С каким жаром и яростью сердце ищет в юности. Как интенсивно горит маленькое пламя жизни! И все же где его истинная гавань? Что это, что действительно удовлетворит его? Кто-нибудь когда-нибудь находил это? В последующие годы я пришел к некоторым вещам, которых моя душа в то время так жадно жаждала, обладание которыми я тогда воображал, что удовлетворит меня, но было ли мое или любое другое сердце когда-либо действительно удовлетворено? Нет. И снова нет.

Каждый день солнце встает, и с ним как мало тех, с кем живет чувство удовлетворения! Для каждого сколько старых мечтаний неисполненных, старых и новых потребностей неудовлетворенных. Вперед, вперед — вот приманка; что жизнь может еще сделать, а не то, что она сделала, — вот самое важное. И просить кого-то, чтобы он считал свои благословения, — это лишь неблагодарная часть вмешательства в лучшем случае. Он не будет ничего из этого. В двадцать, в тридцать, в шестьдесят, в восемьдесят, приманка все еще там, как бы слаба она ни была. Больше и все больше. Только износ тела, щелчок струны, ослабление врожденного побуждения заканчивает поиск. И с ним приходит печальная мысль, что то, что не реализовано здесь, может никогда больше не быть нигде. Ибо если не здесь, где то, что могло бы удовлетворить его, как оно есть здесь? Из всех жалких мечтаний то, которое рисует духовное спасение где-то в другом месте для того, кто потерпел неудачу в своих мечтах здесь, — самое тонкое и бледное, действительно нищенская подачка. Но тот юношеский день у моря!

* * * * *

Двадцать пять лет спустя мне довелось посетить дом на самом месте одного из этих отелей, дом, который был частью нового подразделения недвижимости. Но от той старой, сладкой, прекрасной, летней жизни не осталось и следа. Исчезли великие отели, стена, цветы, парковая природа сцены. За двадцать пять лет прекрасный круглый павильон упал в море, и часть территории великого отеля «Манхэттен» была съедена зимними штормами. Побережье Джерси, Коннектикут, Атлантик-Сити, при поддержке автомобиля, вытеснили и стерли все это. Даже великий «Ориентал», продержавшийся несколько лет и боровшийся за то, чтобы приспособиться к новым условиям, был наконец снесен. Остался только пляж, и даже он был изменен, чтобы соответствовать новым условиям. Земля вокруг и за отелями была засыпана, засажена деревьями, разделена улицами и продана тем, кто жаждал свежести этого морского острова.

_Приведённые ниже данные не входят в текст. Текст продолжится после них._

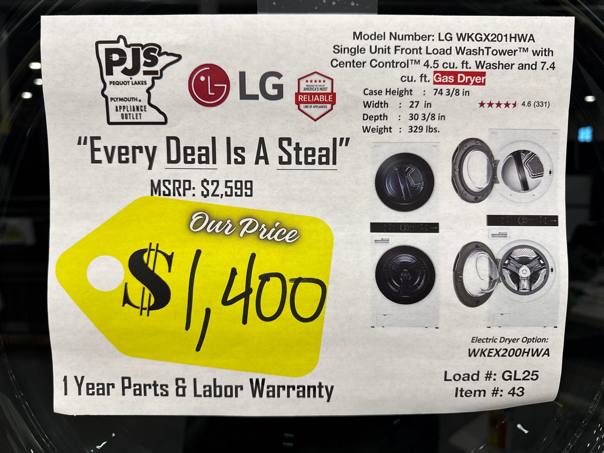 1 YEAR PARTS AND LABOR WARRANTY

Но об этом старом месте никто из тех, с кем я посещал, не знал ничего. Они никогда не видели его, лишь смутно слышали о нем. Так облака собираются в небе, возможно, освещаются солнцем, растворяются и исчезают. И юность, рассматривая старые царства величия или ужаса, рассматривает мир как новый, незапятнанный, девственный, царство, которое должно быть заново и свежо эксплуатировано — как, по правде говоря, оно всегда и есть.

Но мы, которые были——!

ОЧЕРЕДЬ ЗА БЕСПЛАТНЫМ ХЛЕБОМ

Это такая старая тема в Нью-Йорке. Она здесь так давно. В течение тридцати пяти или сорока лет газеты и журналы обсуждали очередь за бесплатным хлебом, и все же она там, такая же здоровая и энергичная черта города, как будто это что-то желаемое. И она выросла от нескольких просителей до многих, от маленькой очереди до большой. И теперь это зрелище, институт, как собор или памятник.

Любопытная вещь, когда начинаешь думать об этом. Бедность нежелательна. Ее драматический аспект может быть чего-то стоить тем, кто не беден, ибо процветающая человеческая природа получает значительное удовлетворение, провозглашая: «Господи, я не как другие люди», и имея это доказанным для себя. Но эта вещь, с любой точки зрения, является жалкой и неприятной вещью, чем-то, что, как вы чувствовали бы, город как корпорация предпочел бы избежать. И все же она там.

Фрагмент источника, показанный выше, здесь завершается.